→ DESCRIPTION OF THE TASK: Make an exact copy of all the entries, with the pictures left out.

(Stored items)
---------------
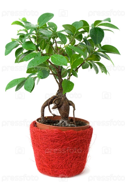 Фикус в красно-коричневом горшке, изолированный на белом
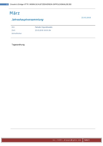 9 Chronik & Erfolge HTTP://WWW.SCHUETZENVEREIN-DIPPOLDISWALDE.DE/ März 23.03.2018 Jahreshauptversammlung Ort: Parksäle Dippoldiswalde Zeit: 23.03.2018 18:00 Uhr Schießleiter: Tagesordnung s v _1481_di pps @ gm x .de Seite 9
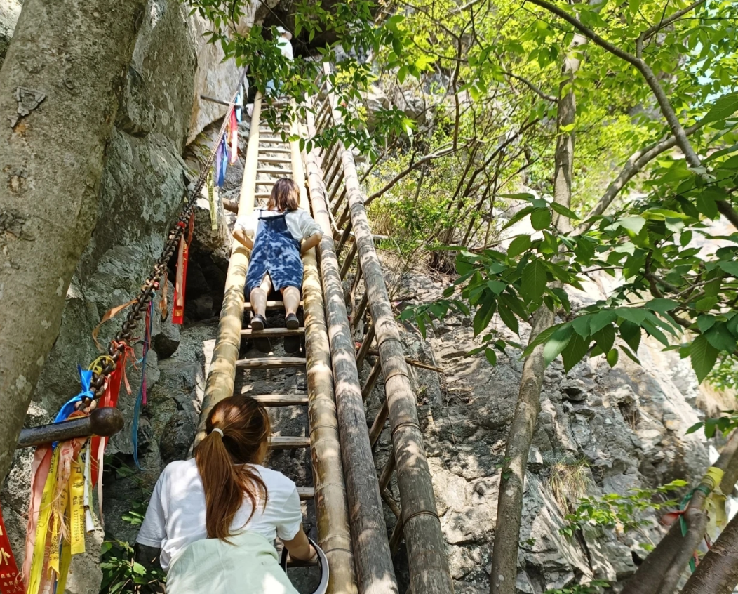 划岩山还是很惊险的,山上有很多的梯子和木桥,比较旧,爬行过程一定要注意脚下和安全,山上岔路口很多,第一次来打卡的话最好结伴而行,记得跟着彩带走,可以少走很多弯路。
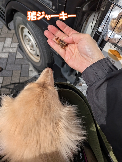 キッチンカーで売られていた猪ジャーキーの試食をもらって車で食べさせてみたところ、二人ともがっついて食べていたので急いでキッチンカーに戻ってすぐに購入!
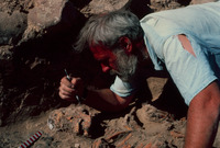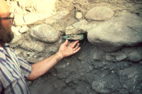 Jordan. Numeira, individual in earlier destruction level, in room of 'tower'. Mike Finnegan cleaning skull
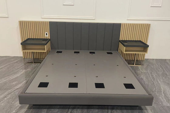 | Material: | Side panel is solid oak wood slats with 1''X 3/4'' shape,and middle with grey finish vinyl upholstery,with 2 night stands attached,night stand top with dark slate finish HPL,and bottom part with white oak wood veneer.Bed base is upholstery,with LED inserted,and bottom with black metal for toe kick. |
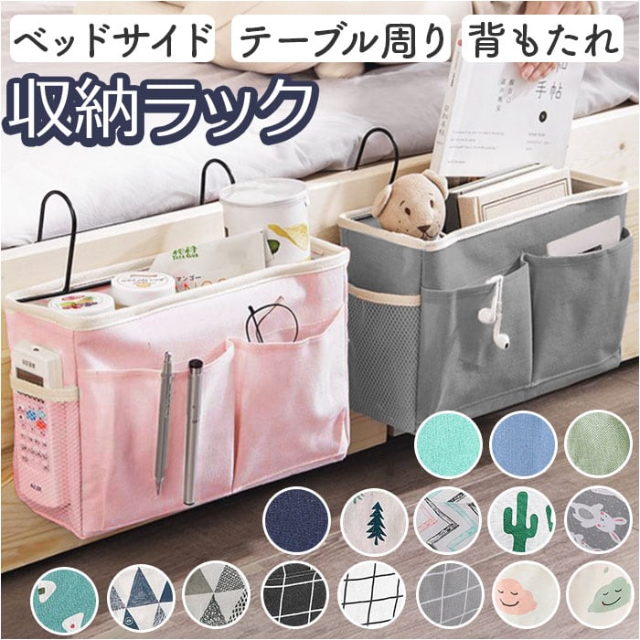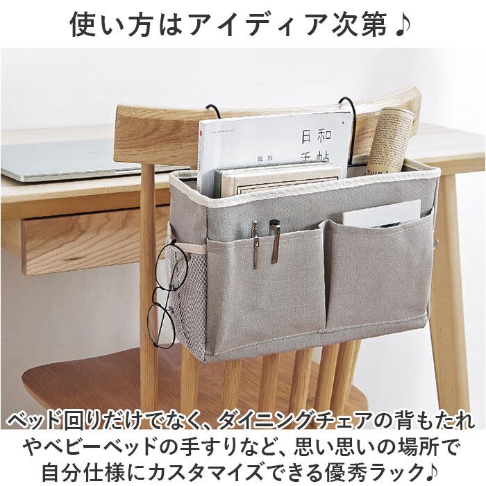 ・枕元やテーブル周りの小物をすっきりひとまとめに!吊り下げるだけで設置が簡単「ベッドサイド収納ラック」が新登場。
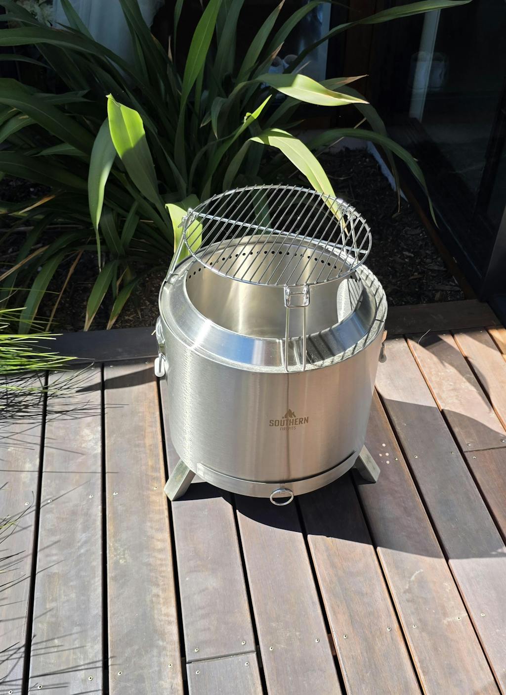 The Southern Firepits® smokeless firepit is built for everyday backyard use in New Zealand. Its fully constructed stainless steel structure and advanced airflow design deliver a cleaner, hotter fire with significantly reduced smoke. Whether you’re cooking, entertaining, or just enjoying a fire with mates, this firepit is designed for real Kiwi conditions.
---------------
→ EXERCISE SOLUTION:
 Фикус в красно-коричневом горшке, изолированный на белом
 9 Chronik & Erfolge HTTP://WWW.SCHUETZENVEREIN-DIPPOLDISWALDE.DE/ März 23.03.2018 Jahreshauptversammlung Ort: Parksäle Dippoldiswalde Zeit: 23.03.2018 18:00 Uhr Schießleiter: Tagesordnung s v _1481_di pps @ gm x .de Seite 9
 划岩山还是很惊险的,山上有很多的梯子和木桥,比较旧,爬行过程一定要注意脚下和安全,山上岔路口很多,第一次来打卡的话最好结伴而行,记得跟着彩带走,可以少走很多弯路。
 キッチンカーで売られていた猪ジャーキーの試食をもらって車で食べさせてみたところ、二人ともがっついて食べていたので急いでキッチンカーに戻ってすぐに購入!
 Jordan. Numeira, individual in earlier destruction level, in room of 'tower'. Mike Finnegan cleaning skull
 | Material: | Side panel is solid oak wood slats with 1''X 3/4'' shape,and middle with grey finish vinyl upholstery,with 2 night stands attached,night stand top with dark slate finish HPL,and bottom part with white oak wood veneer.Bed base is upholstery,with LED inserted,and bottom with black metal for toe kick. |
 ・枕元やテーブル周りの小物をすっきりひとまとめに!吊り下げるだけで設置が簡単「ベッドサイド収納ラック」が新登場。
 The Southern Firepits® smokeless firepit is built for everyday backyard use in New Zealand. Its fully constructed stainless steel structure and advanced airflow design deliver a cleaner, hotter fire with significantly reduced smoke. Whether you’re cooking, entertaining, or just enjoying a fire with mates, this firepit is designed for real Kiwi conditions.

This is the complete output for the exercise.